* **GIVEN DATA**
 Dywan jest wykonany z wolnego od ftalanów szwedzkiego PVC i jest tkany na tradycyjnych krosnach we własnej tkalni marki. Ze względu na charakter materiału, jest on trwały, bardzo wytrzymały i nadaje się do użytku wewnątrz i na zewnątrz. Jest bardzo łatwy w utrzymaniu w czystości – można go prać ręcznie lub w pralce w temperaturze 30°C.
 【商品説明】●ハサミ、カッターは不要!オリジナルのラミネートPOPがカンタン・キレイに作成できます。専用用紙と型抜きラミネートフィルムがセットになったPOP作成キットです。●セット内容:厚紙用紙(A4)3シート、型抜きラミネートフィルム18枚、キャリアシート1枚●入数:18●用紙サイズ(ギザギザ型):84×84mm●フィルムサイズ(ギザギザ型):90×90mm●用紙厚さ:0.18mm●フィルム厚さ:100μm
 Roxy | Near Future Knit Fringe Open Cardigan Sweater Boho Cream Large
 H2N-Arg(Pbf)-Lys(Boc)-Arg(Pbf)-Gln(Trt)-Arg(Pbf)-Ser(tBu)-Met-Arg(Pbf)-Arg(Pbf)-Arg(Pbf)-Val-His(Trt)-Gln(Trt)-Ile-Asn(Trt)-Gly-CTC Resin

--

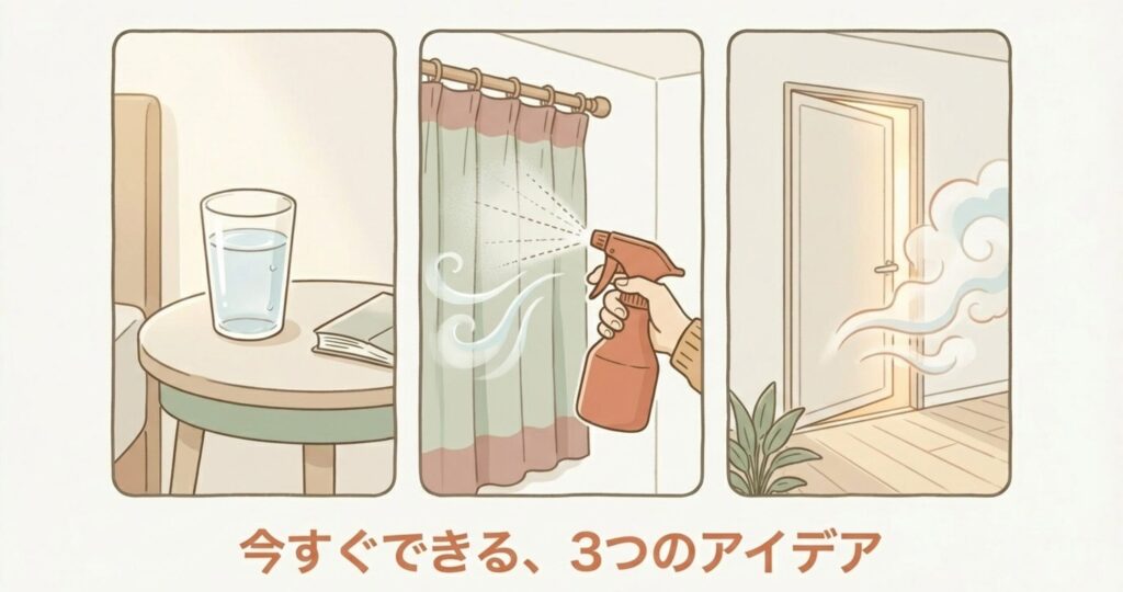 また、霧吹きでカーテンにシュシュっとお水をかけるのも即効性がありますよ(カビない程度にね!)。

--

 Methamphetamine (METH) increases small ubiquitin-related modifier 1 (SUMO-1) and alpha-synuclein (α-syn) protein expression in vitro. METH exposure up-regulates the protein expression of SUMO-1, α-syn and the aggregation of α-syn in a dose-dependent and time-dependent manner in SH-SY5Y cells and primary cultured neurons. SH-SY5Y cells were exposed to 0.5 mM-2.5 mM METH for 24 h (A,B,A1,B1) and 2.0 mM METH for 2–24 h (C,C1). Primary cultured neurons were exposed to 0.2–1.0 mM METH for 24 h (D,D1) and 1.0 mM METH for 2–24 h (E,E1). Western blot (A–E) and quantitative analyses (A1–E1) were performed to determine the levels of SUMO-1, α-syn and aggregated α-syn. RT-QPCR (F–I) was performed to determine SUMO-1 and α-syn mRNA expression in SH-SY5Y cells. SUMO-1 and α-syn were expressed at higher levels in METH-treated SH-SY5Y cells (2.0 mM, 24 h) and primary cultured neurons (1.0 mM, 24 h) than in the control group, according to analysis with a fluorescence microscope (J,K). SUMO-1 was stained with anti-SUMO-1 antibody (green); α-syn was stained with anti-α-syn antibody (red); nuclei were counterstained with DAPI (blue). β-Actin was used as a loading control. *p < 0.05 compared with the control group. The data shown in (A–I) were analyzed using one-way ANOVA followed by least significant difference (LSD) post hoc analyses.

* **TASK ITEM**
Would you please copy exactly the part of the entries above that begins at the line containing "Dywan jest wykonany" and ends at the line containing "Roxy | Near", both lines included?

* **ANSWER TO THIS PROBLEM**
 Dywan jest wykonany z wolnego od ftalanów szwedzkiego PVC i jest tkany na tradycyjnych krosnach we własnej tkalni marki. Ze względu na charakter materiału, jest on trwały, bardzo wytrzymały i nadaje się do użytku wewnątrz i na zewnątrz. Jest bardzo łatwy w utrzymaniu w czystości – można go prać ręcznie lub w pralce w temperaturze 30°C.
 【商品説明】●ハサミ、カッターは不要!オリジナルのラミネートPOPがカンタン・キレイに作成できます。専用用紙と型抜きラミネートフィルムがセットになったPOP作成キットです。●セット内容:厚紙用紙(A4)3シート、型抜きラミネートフィルム18枚、キャリアシート1枚●入数:18●用紙サイズ(ギザギザ型):84×84mm●フィルムサイズ(ギザギザ型):90×90mm●用紙厚さ:0.18mm●フィルム厚さ:100μm
 Roxy | Near Future Knit Fringe Open Cardigan Sweater Boho Cream Large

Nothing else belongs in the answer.